Just as commodities are dominating the current listings, real estate — mostly real estate investment trust portfolios — is missing from the one-year and five-year top 10 lists. For the five-year period ended March 31, two real estate portfolios were in the top-10 domestic separate accounts, based on five-year returns.

“There was a sea change or mostly a tidal wave,” Mr. Deutsch said. “All areas of real estate were affected by the contagion of concern about valuations and the inability to find the bottom.”

REALTY EXPOSURE

But real estate still was making an impact through the holdings of some of the natural-resources portfolios. For example, as of March 31, both the Goldman Sachs Commodities Enhanced Index and Pimco Commodities Plus portfolios held Fannie Mae and Freddie Mac pass-throughs or pools of debt, as well as forward-rate notes, which are notes with variable interest used to protect against interest rate increases.

Financial services is another area that is absent from the top 10 lists.

“I believe a lot of money managers have regretted exposure to financial services in the recent months,” Mr. Deutsch said.

As banks take more write-downs, the sector is expected to take even more of a beating. A portfolio heavy in financial services is a recipe for disaster, Mr. Kathman said.

Frank J. Husic, managing partner of Husic Capital, said the Husic Classic Edge portfolio did well by taking a large number of short positions in a number of financial companies.

The portfolio also did well shorting stocks in several other sectors, including casinos, restaurants, retail and semiconductors.

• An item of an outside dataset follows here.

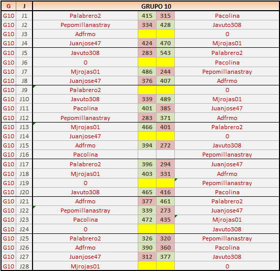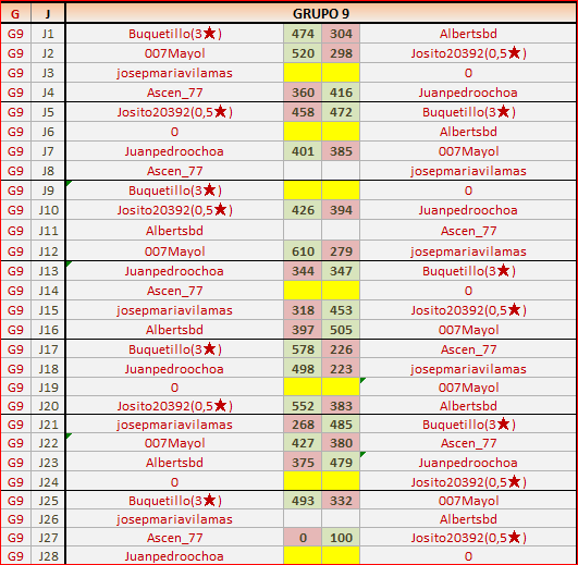 Deja un comentarioEn está página se irán publicando los resultados de las diferentes partidas, siendo ambos jugadores responsables de subirlos o de comprobar que ya hayan sido publicados, insertando un COMENTARIO en la parte inferior de la pantalla (opción “Deja tu comentario”), indicando el nombre de los dos jugadores y los puntos obtenidos en la partida.

“I’m looking forward to the day of 80% long [in the portfolio],” Mr. Husic said. But the poor market, high energy costs, the credit crunch and risk of unemployment created head winds that were too big for the stock market to face, he said.

Another hot sector in the 12-month period ended June 30 was Latin America, mainly the result of stock market increases in Brazil.

This turned the emerging markets into a “good news, bad news” scenario. Separate accounts with more exposure to Latin America beat portfolios more heavily weighted in China and India, Mr. Deutsch said.

Arleen Jacobius is a reporter at sister publication Pensions & Investments.